=== ACTION ITEM ===
Retype the data that follows line by line, exactly, and leave its pictures out.

=== SUPPLIED INFORMATION ===
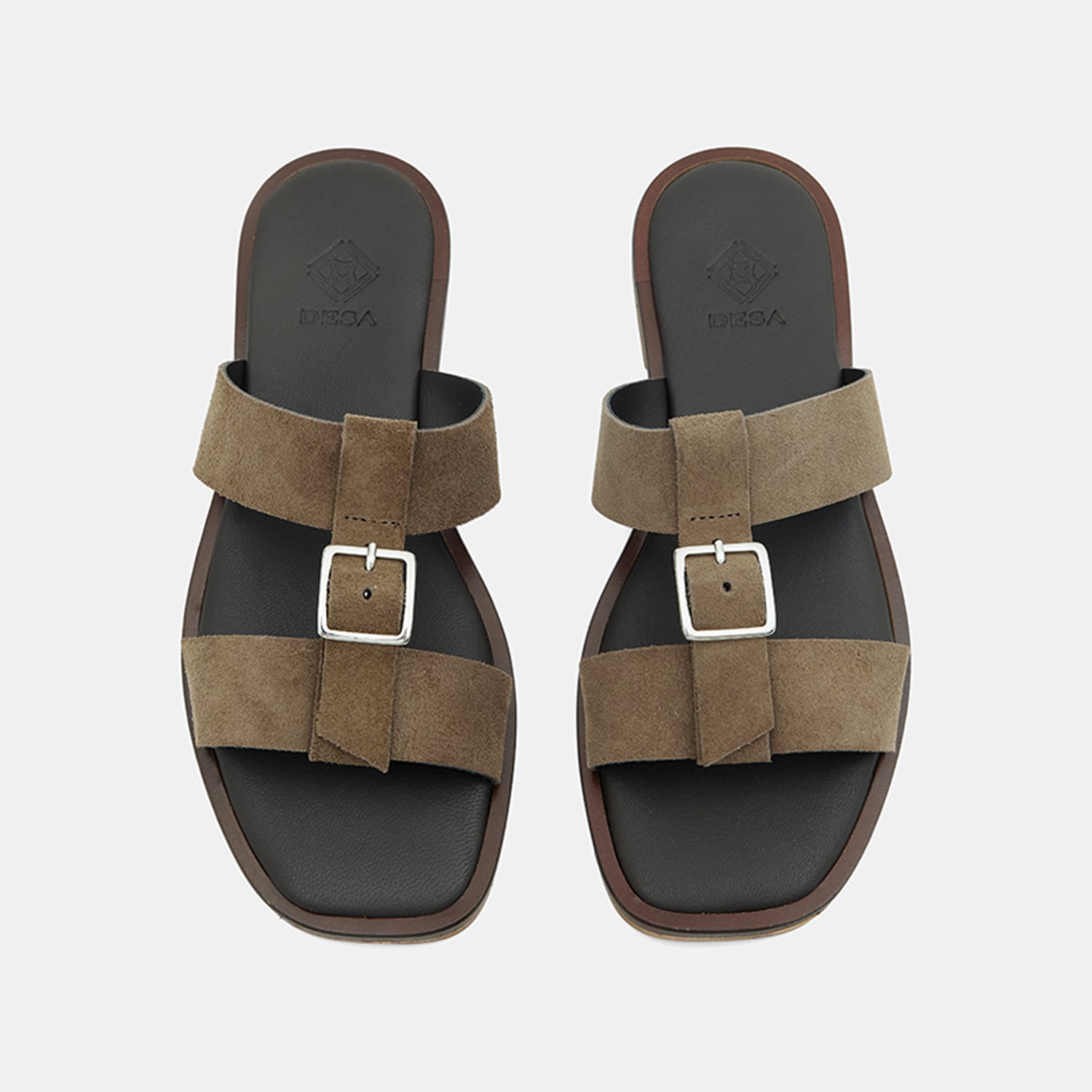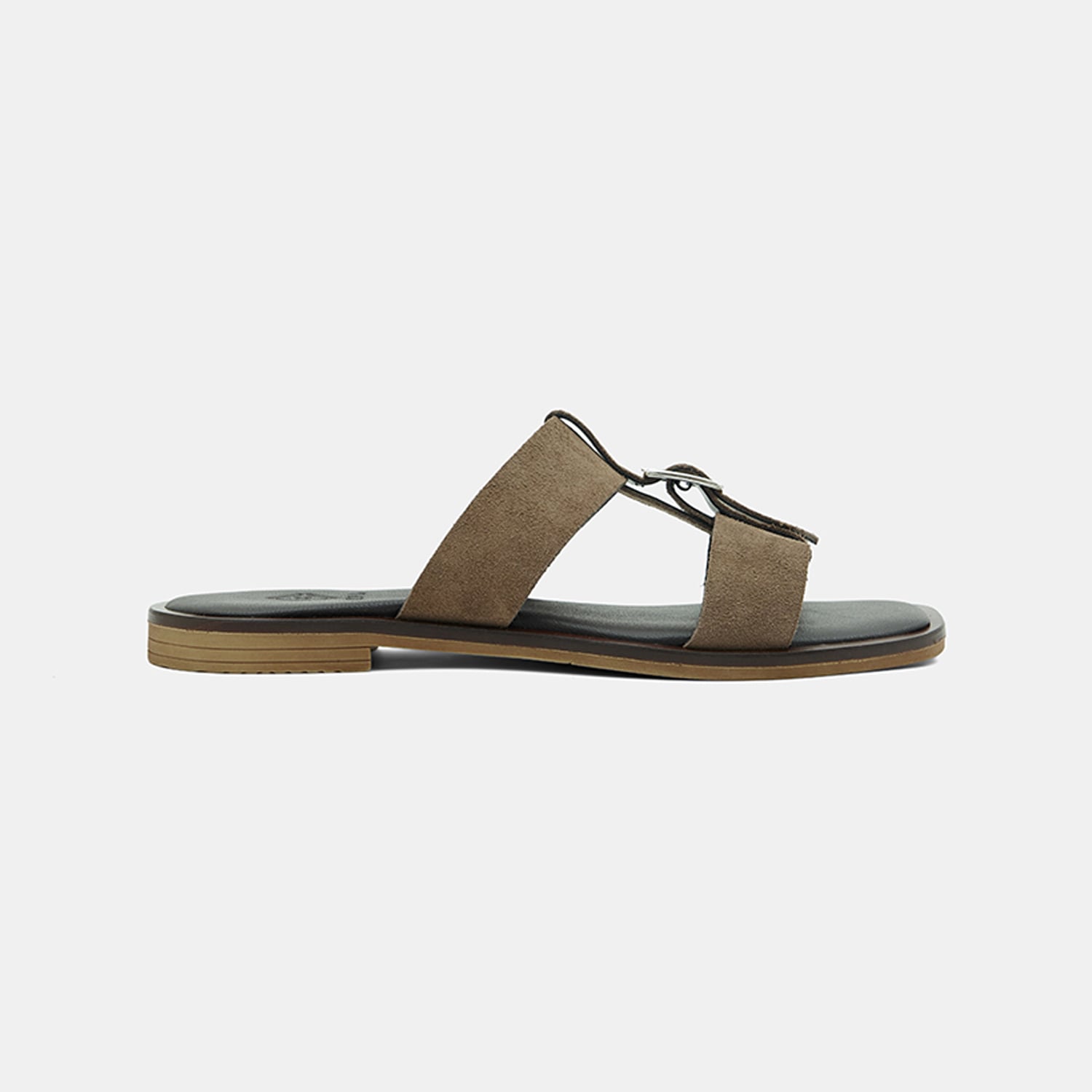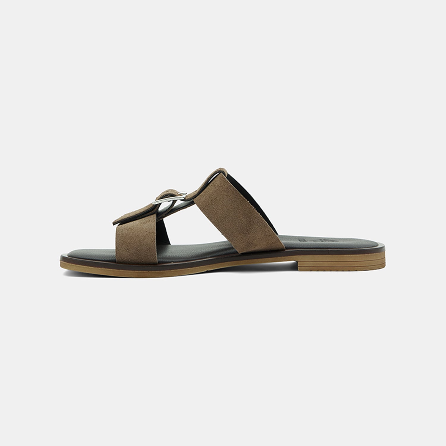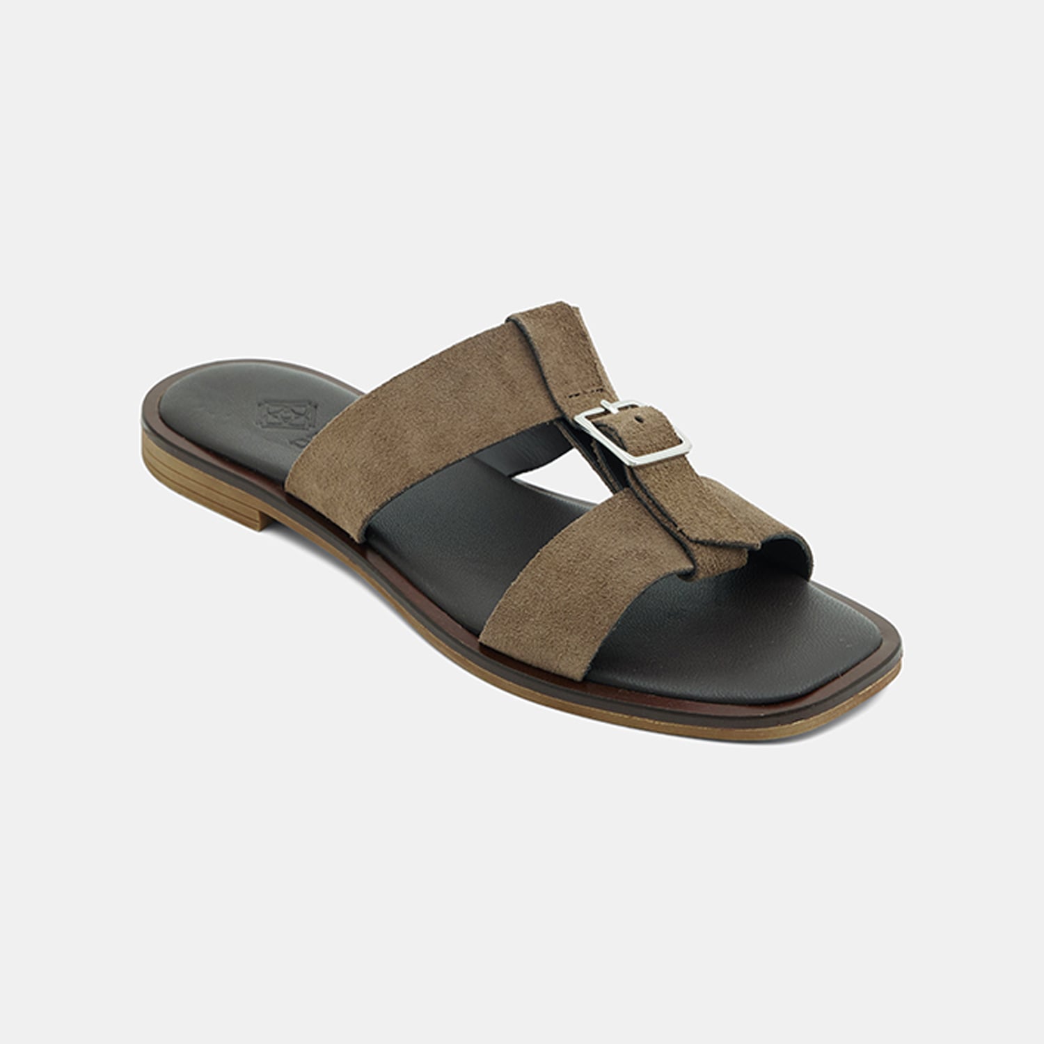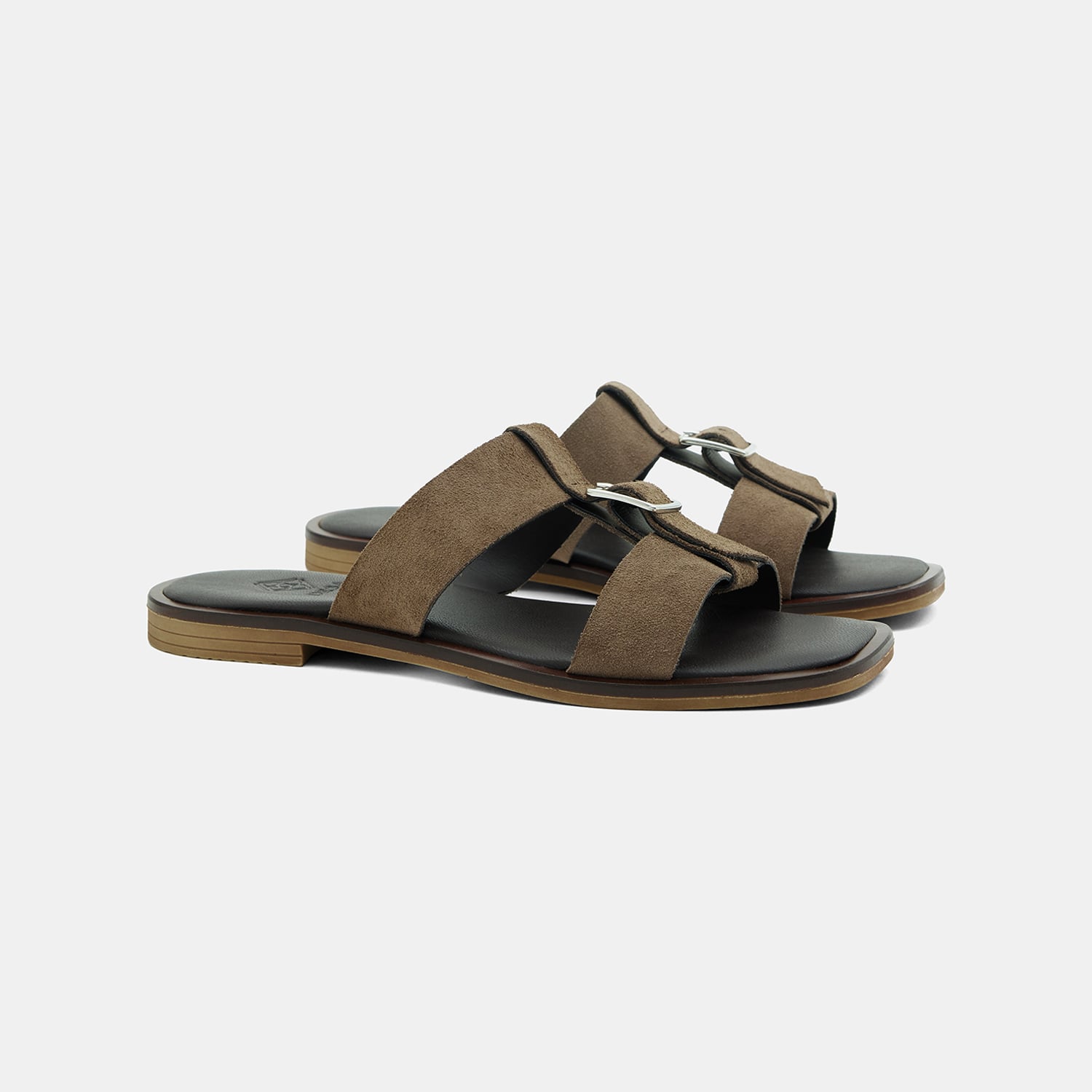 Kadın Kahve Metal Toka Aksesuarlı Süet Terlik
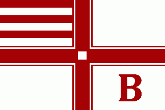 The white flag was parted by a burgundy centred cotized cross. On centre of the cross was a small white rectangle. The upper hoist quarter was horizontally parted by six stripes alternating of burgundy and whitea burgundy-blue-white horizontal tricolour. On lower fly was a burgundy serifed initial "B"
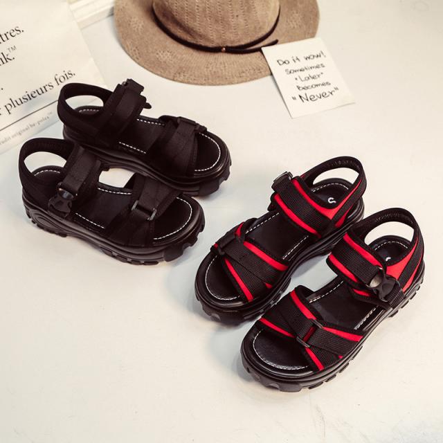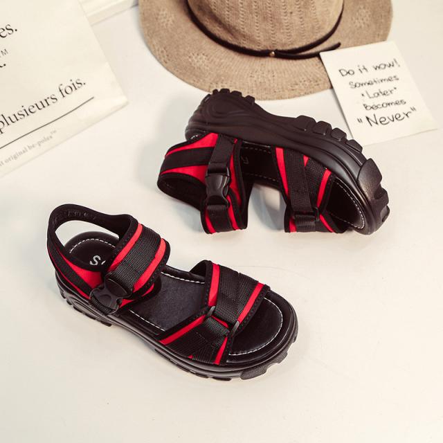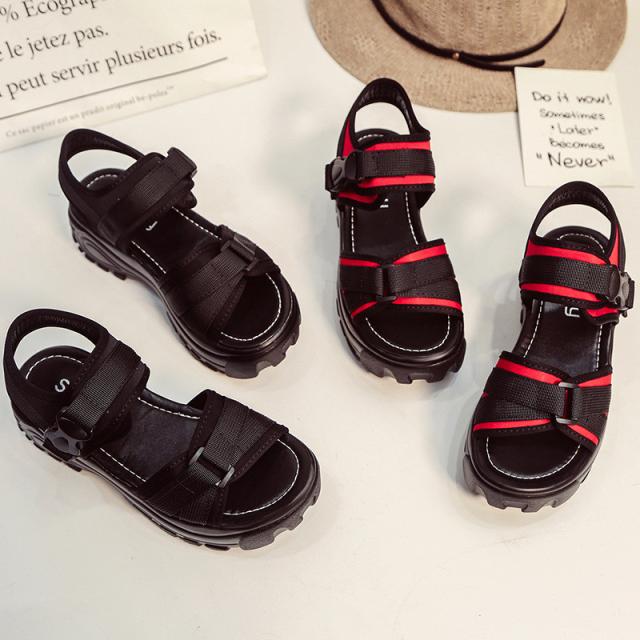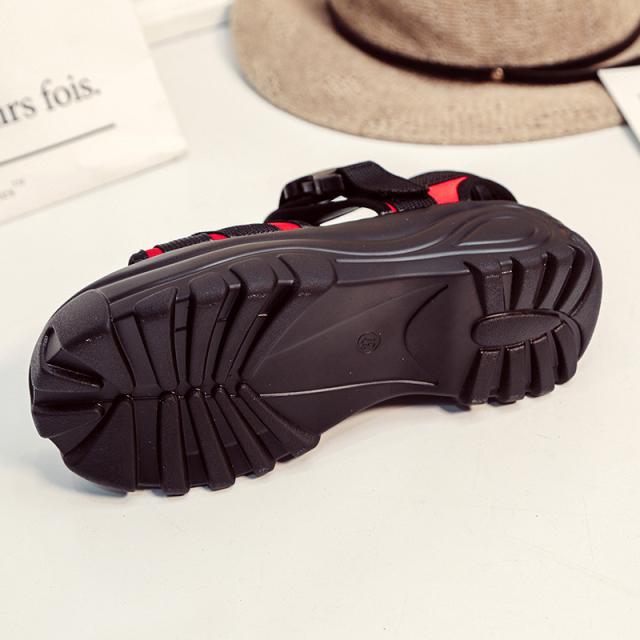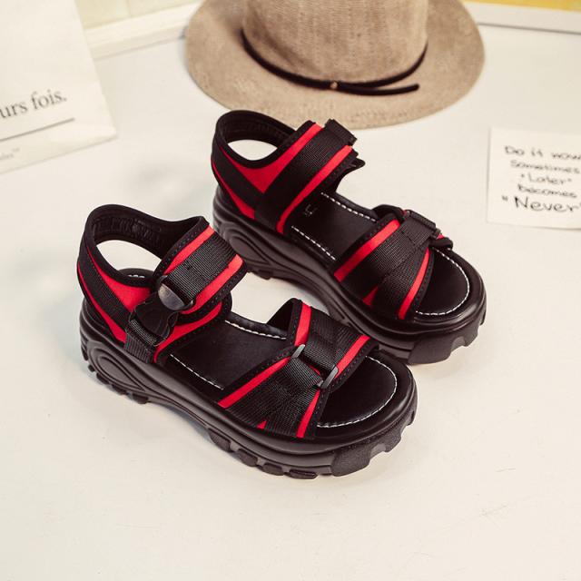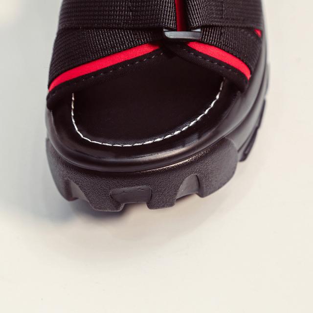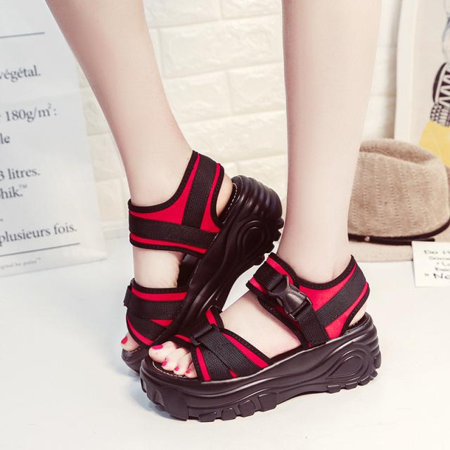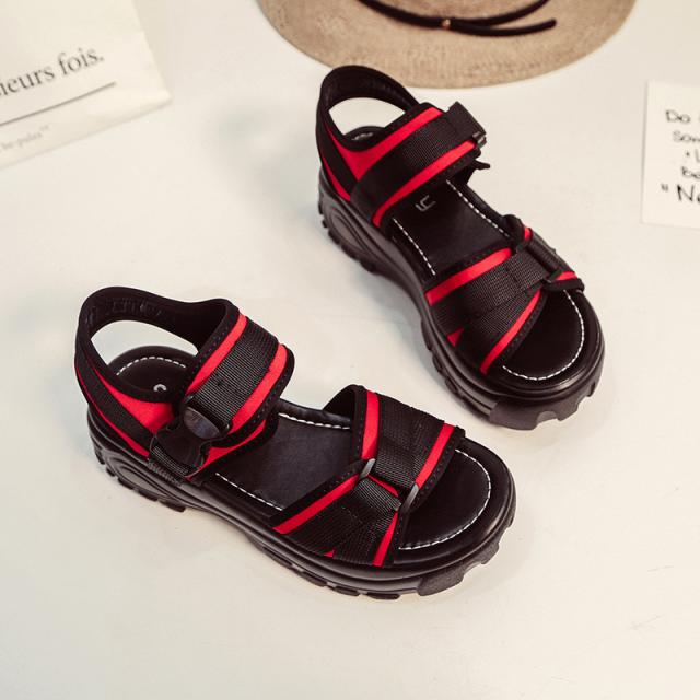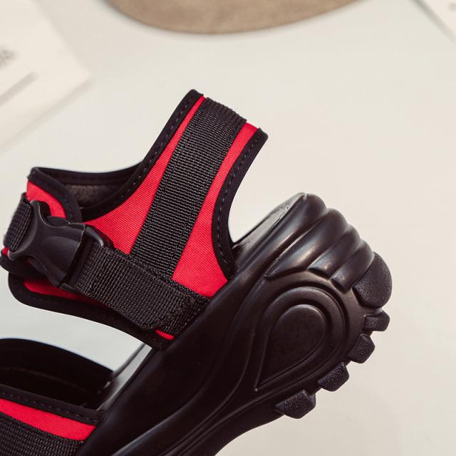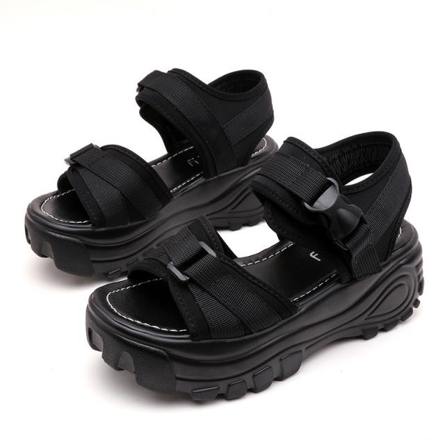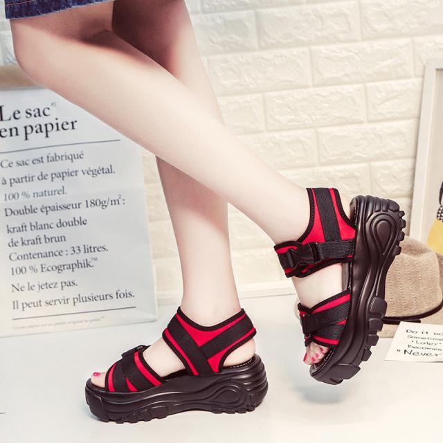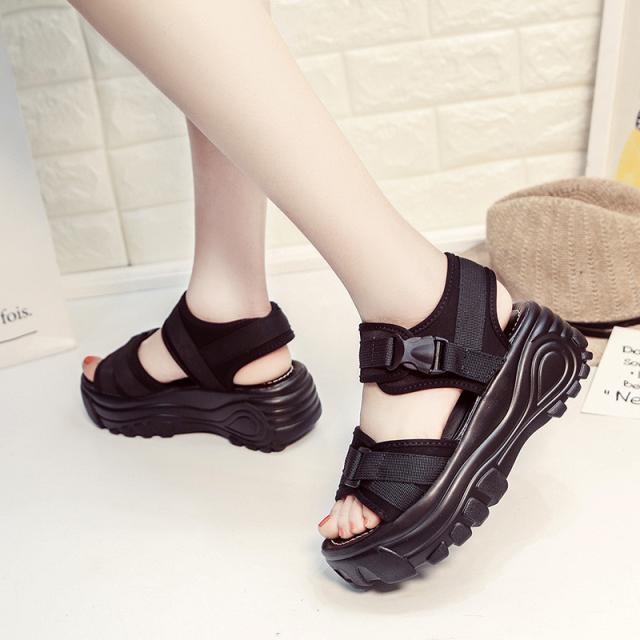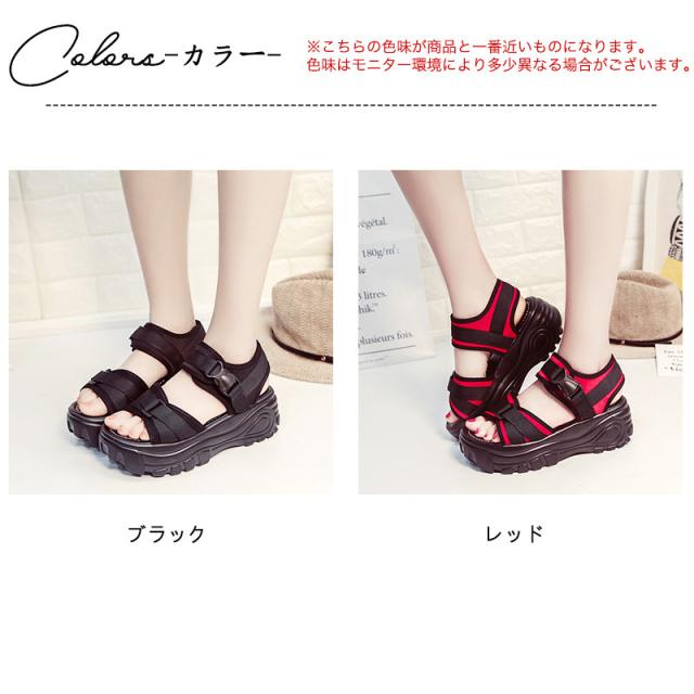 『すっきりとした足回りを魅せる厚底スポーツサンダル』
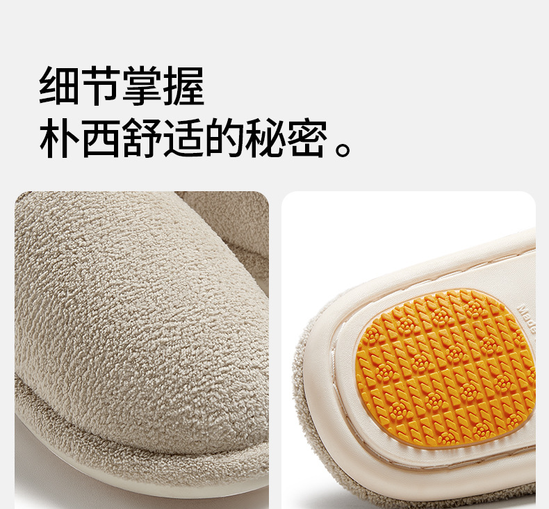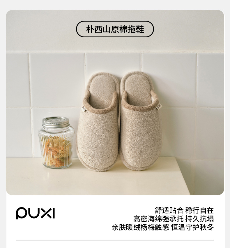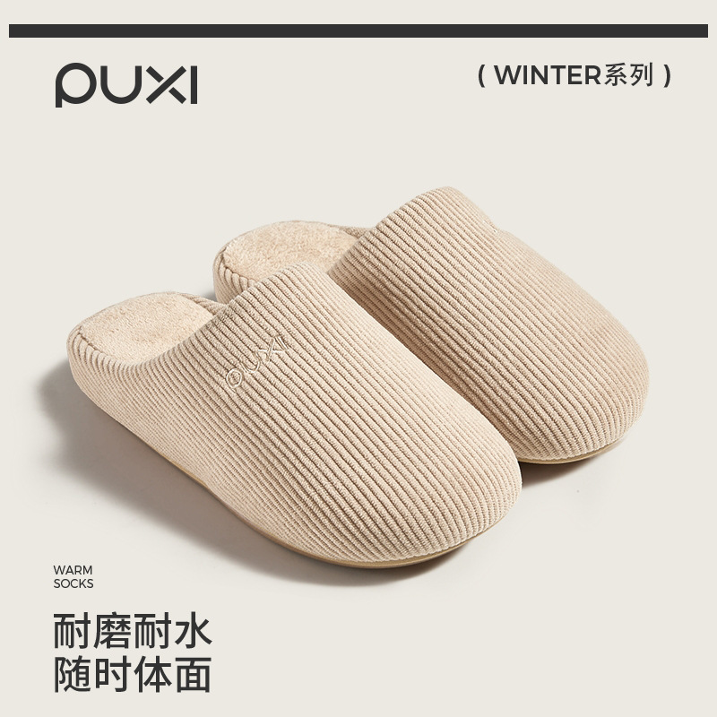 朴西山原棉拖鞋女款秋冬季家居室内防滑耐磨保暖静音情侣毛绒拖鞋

=== YOUR RESPONSE ===
 Kadın Kahve Metal Toka Aksesuarlı Süet Terlik
 The white flag was parted by a burgundy centred cotized cross. On centre of the cross was a small white rectangle. The upper hoist quarter was horizontally parted by six stripes alternating of burgundy and whitea burgundy-blue-white horizontal tricolour. On lower fly was a burgundy serifed initial "B"
 『すっきりとした足回りを魅せる厚底スポーツサンダル』
 朴西山原棉拖鞋女款秋冬季家居室内防滑耐磨保暖静音情侣毛绒拖鞋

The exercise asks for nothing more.